◆ **WHAT YOU SHOULD DO**:
Go through the listing below and write out exactly the lines from the one that mentions "Adult Weekender |" through the one that mentions "Сифон сливной АНИ", minus the pictures.

◆ **PROVIDED MATERIAL**:
-.-.-
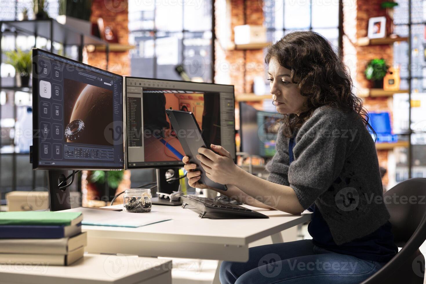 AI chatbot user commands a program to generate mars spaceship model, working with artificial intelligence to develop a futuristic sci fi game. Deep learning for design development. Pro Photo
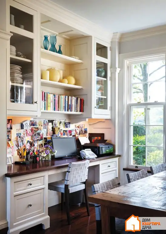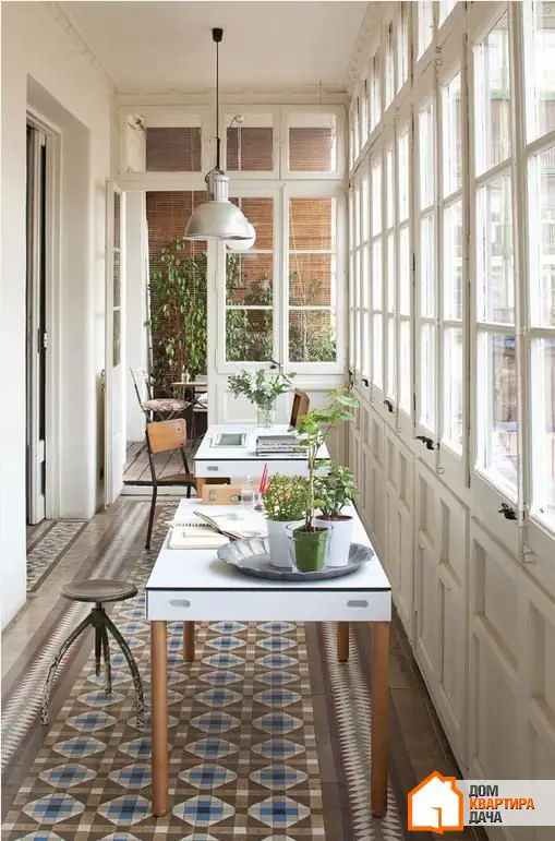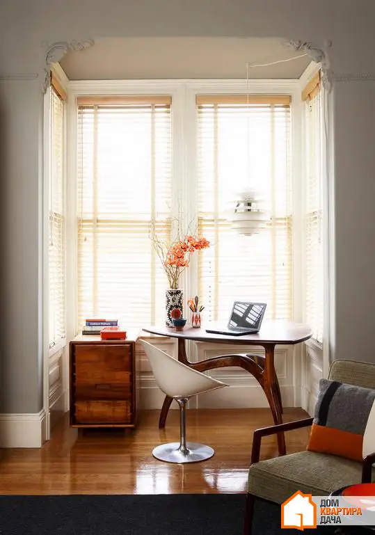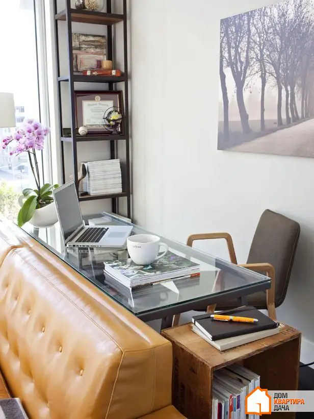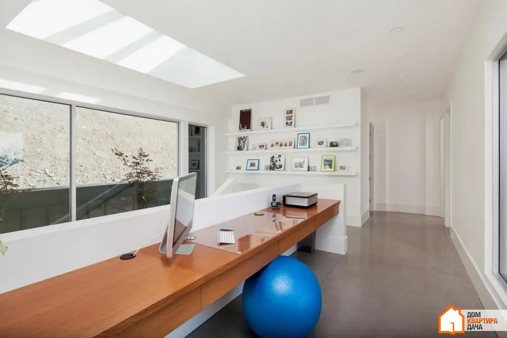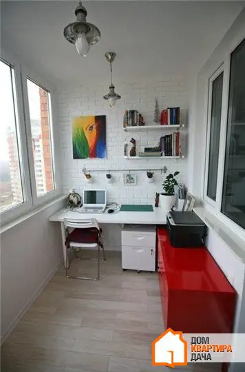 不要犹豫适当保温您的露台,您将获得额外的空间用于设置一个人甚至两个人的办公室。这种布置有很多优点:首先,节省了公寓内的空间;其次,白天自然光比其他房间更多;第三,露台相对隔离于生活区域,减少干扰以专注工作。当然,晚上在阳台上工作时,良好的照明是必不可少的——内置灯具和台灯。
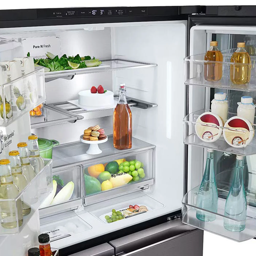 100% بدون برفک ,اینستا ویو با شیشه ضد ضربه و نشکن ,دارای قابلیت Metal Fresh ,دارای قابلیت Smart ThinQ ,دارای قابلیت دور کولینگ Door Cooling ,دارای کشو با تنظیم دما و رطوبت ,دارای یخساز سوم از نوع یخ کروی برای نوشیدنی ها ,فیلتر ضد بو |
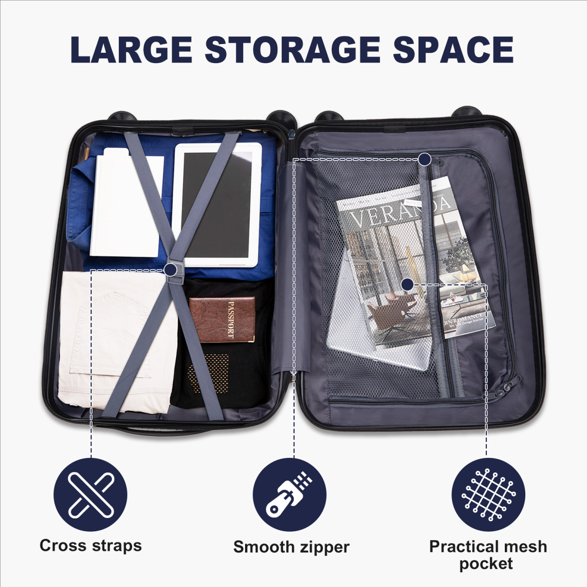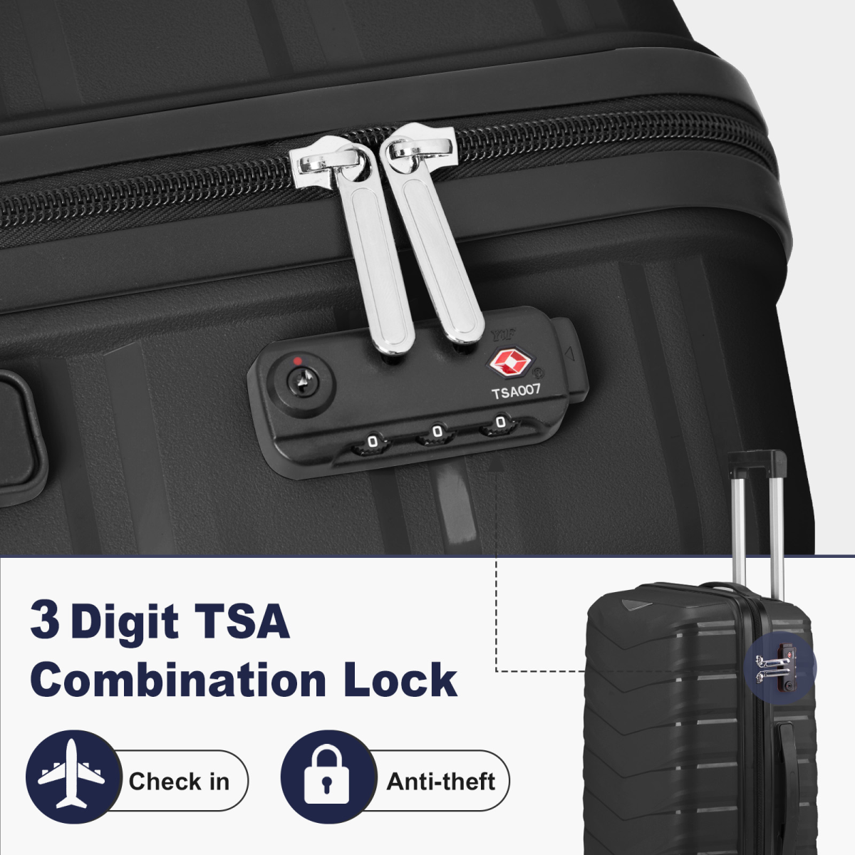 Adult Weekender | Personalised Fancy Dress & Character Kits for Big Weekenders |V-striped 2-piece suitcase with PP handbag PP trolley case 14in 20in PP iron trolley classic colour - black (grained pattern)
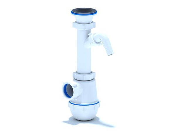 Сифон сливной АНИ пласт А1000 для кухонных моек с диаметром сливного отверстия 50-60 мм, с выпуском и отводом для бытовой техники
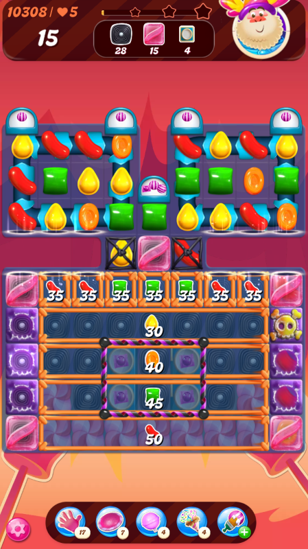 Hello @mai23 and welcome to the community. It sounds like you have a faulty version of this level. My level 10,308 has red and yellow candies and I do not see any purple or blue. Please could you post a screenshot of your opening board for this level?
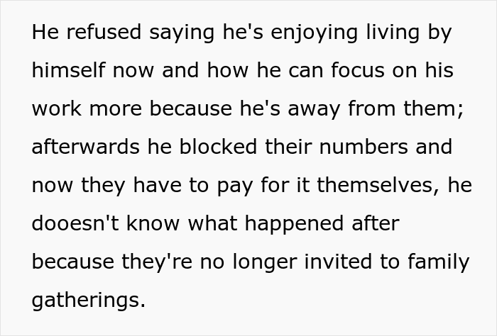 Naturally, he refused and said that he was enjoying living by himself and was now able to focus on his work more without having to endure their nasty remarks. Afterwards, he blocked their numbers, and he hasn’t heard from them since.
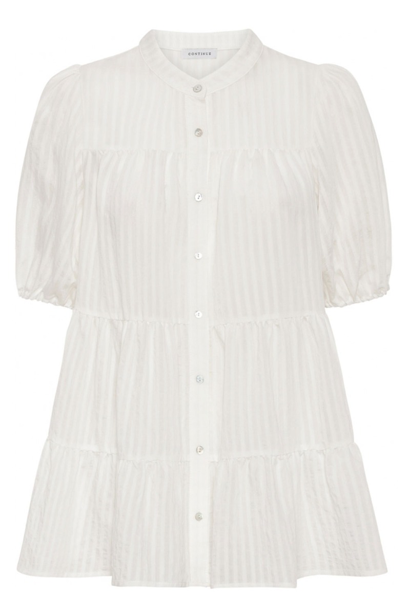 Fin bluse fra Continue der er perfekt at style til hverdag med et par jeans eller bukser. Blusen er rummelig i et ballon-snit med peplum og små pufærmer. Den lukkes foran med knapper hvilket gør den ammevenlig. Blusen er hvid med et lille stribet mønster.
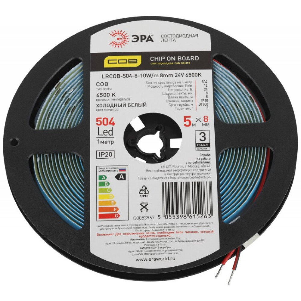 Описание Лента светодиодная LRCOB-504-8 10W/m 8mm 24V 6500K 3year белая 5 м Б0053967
-.-.-
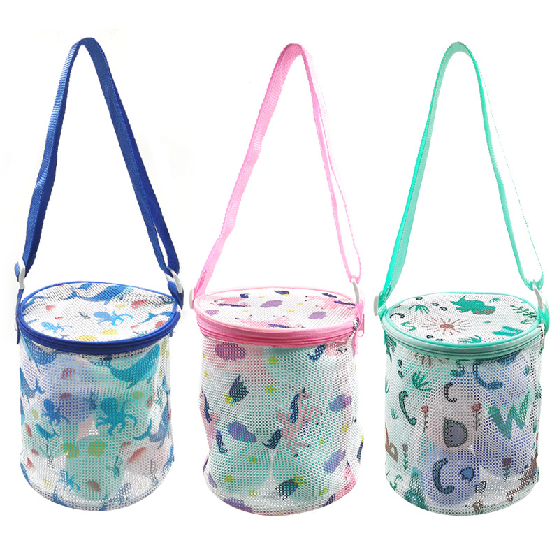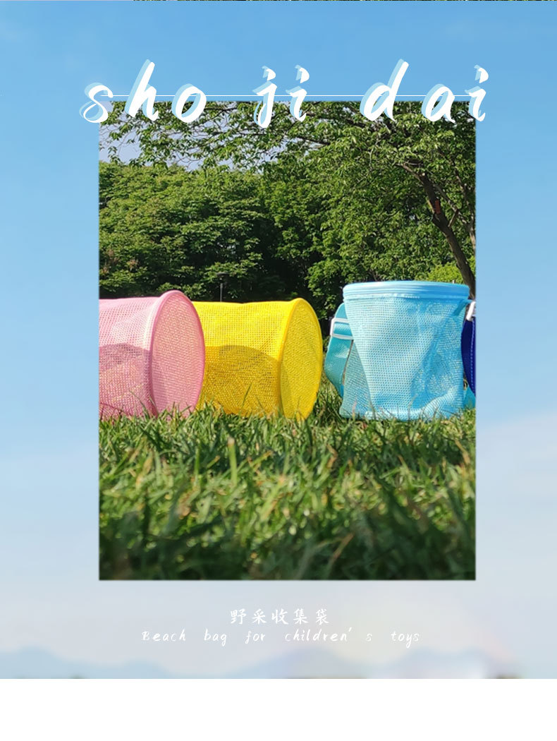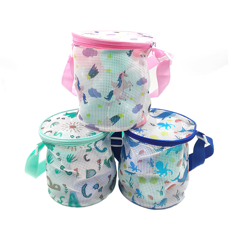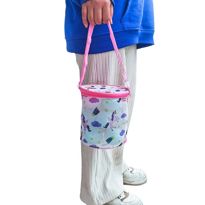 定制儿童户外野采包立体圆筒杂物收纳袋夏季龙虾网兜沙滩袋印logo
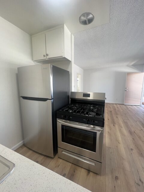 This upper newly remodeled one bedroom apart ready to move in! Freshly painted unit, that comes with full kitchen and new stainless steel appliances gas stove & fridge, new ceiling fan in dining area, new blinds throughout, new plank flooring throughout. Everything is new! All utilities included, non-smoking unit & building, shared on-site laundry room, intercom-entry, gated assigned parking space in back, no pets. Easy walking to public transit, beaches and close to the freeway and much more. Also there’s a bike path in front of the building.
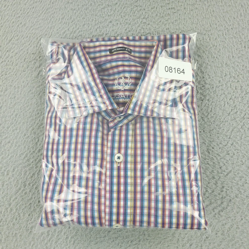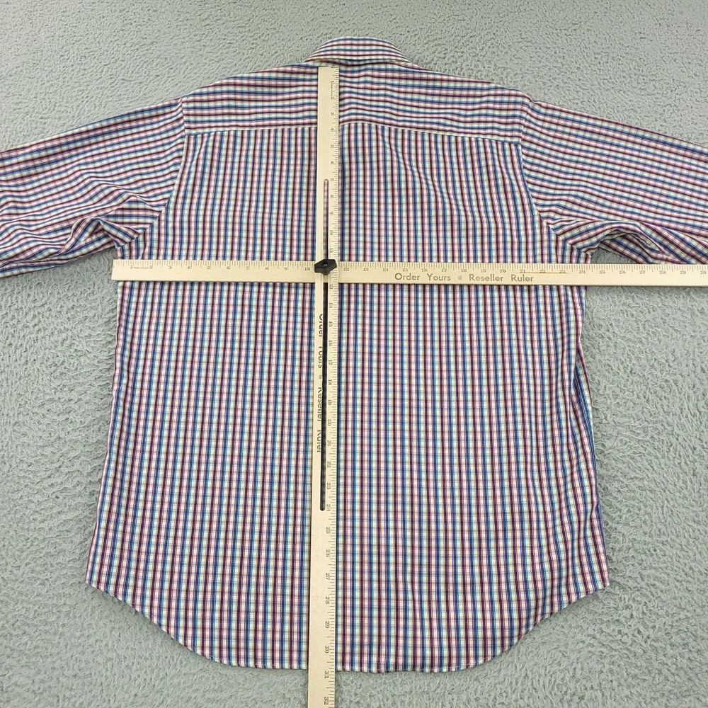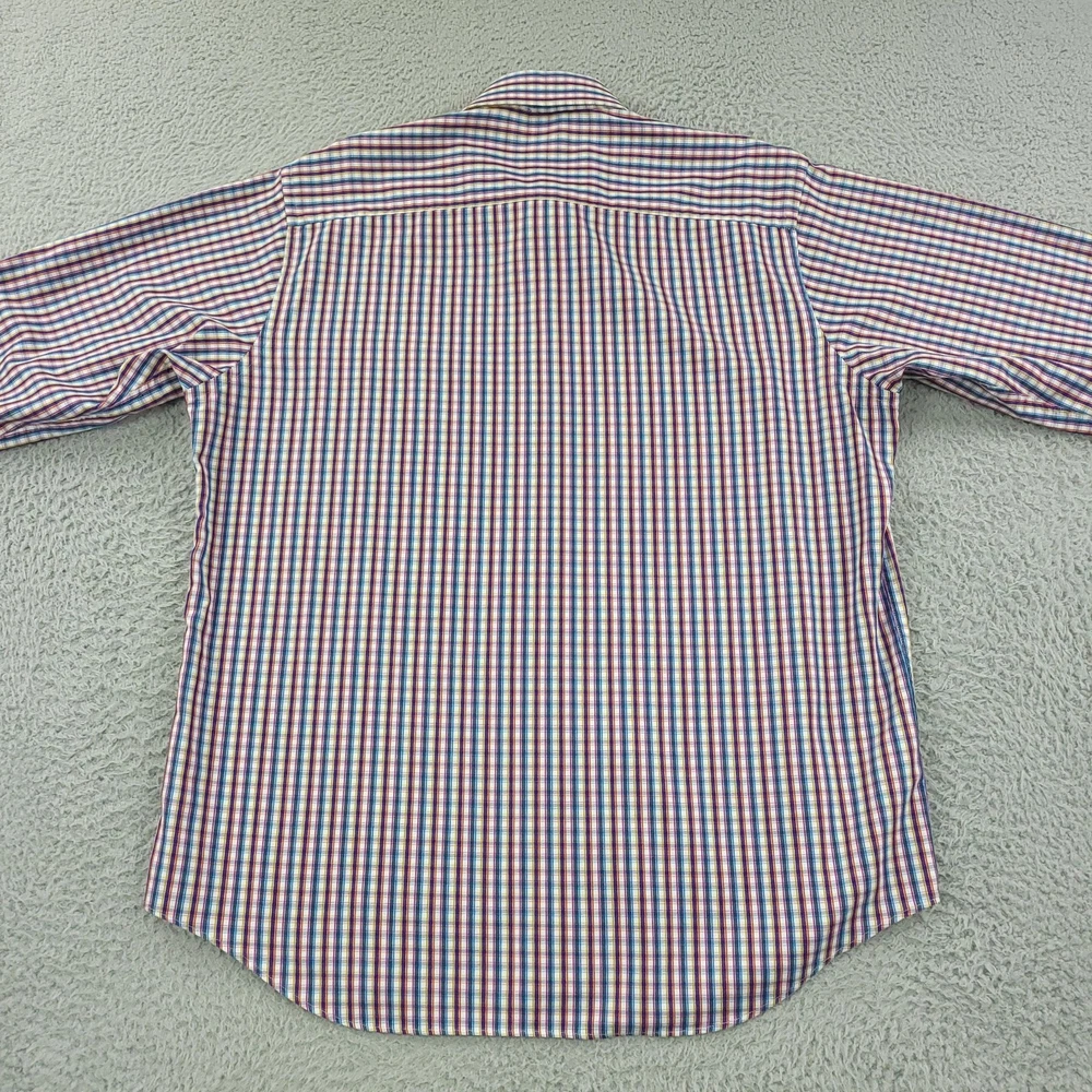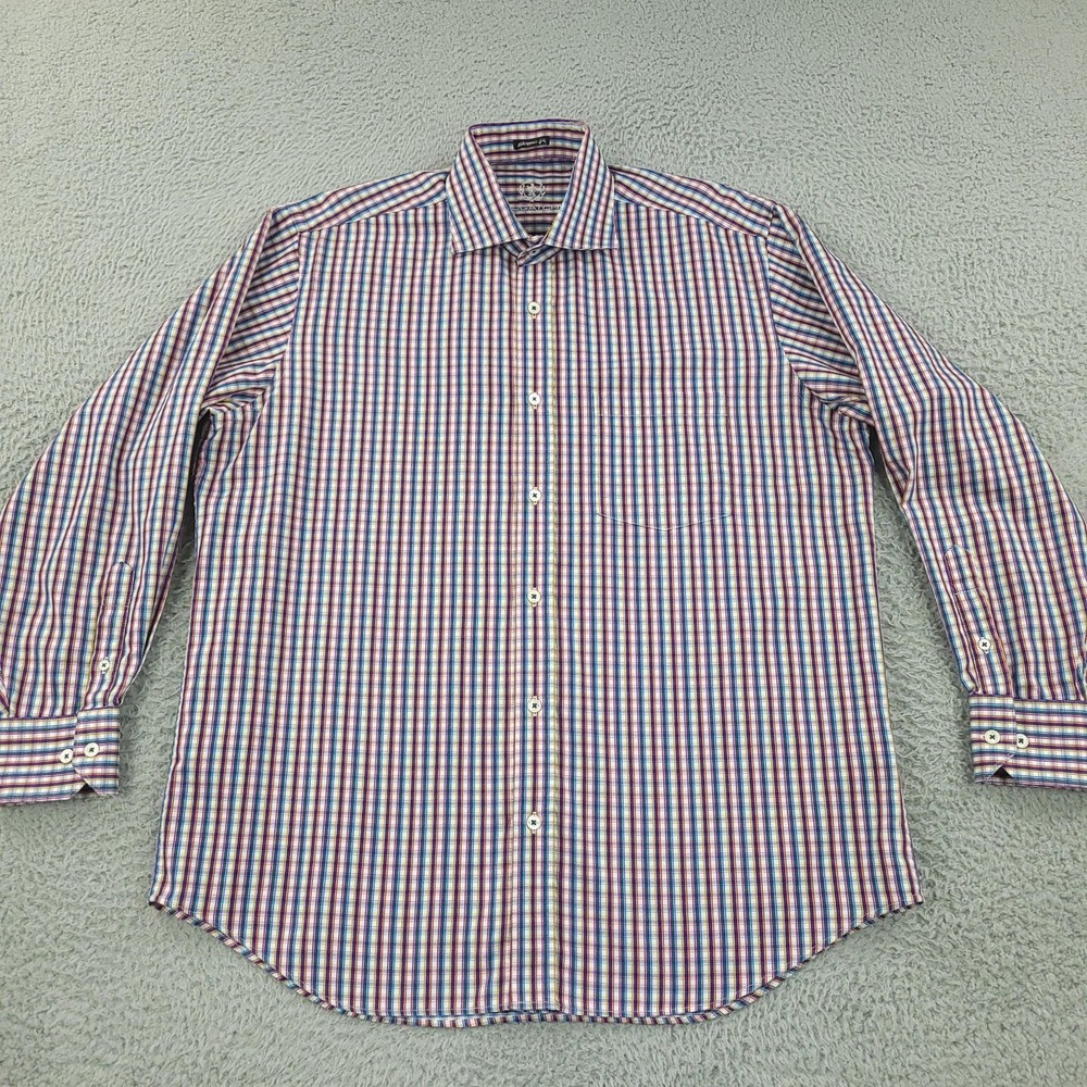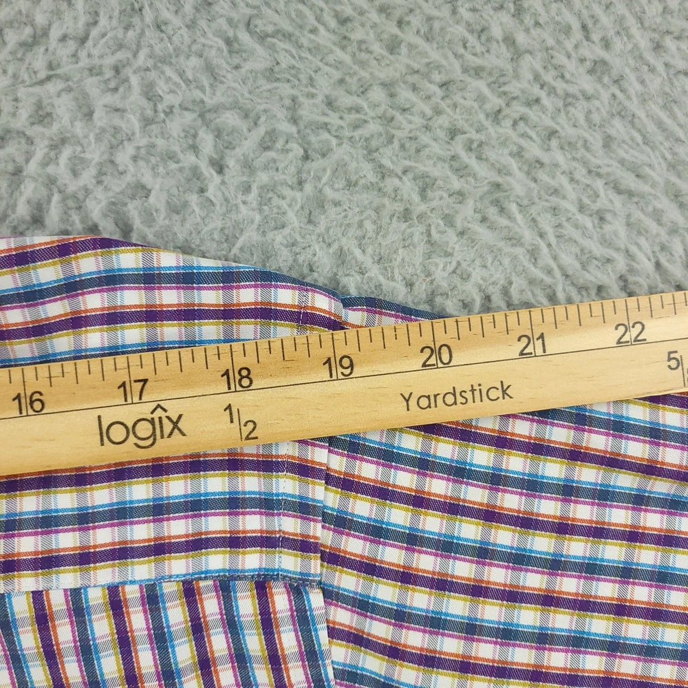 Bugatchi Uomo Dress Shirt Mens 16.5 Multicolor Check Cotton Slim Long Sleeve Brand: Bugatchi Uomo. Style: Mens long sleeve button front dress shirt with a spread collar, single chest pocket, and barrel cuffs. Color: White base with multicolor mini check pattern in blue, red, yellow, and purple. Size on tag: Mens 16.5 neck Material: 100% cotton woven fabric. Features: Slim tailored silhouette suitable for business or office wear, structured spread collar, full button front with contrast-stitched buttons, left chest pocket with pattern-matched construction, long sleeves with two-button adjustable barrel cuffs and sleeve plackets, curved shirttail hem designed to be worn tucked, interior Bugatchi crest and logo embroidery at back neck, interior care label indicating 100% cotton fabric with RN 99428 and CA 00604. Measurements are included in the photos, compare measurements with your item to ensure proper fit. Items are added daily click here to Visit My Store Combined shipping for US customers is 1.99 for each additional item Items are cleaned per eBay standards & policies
-.-.-
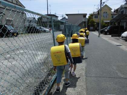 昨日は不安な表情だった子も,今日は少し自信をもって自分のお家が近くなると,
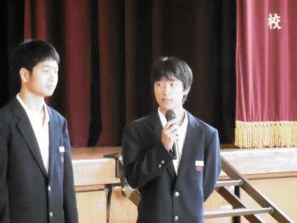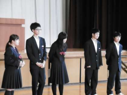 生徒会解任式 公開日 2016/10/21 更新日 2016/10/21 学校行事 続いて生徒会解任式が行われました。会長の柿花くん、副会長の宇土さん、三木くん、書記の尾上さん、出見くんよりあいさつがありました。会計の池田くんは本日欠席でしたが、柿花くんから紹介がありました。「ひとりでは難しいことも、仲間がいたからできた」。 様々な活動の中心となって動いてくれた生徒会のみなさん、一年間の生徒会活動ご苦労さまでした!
-.-.-
◆ **PROBLEM SOLUTION**:
 Adult Weekender | Personalised Fancy Dress & Character Kits for Big Weekenders |V-striped 2-piece suitcase with PP handbag PP trolley case 14in 20in PP iron trolley classic colour - black (grained pattern)
 Сифон сливной АНИ пласт А1000 для кухонных моек с диаметром сливного отверстия 50-60 мм, с выпуском и отводом для бытовой техники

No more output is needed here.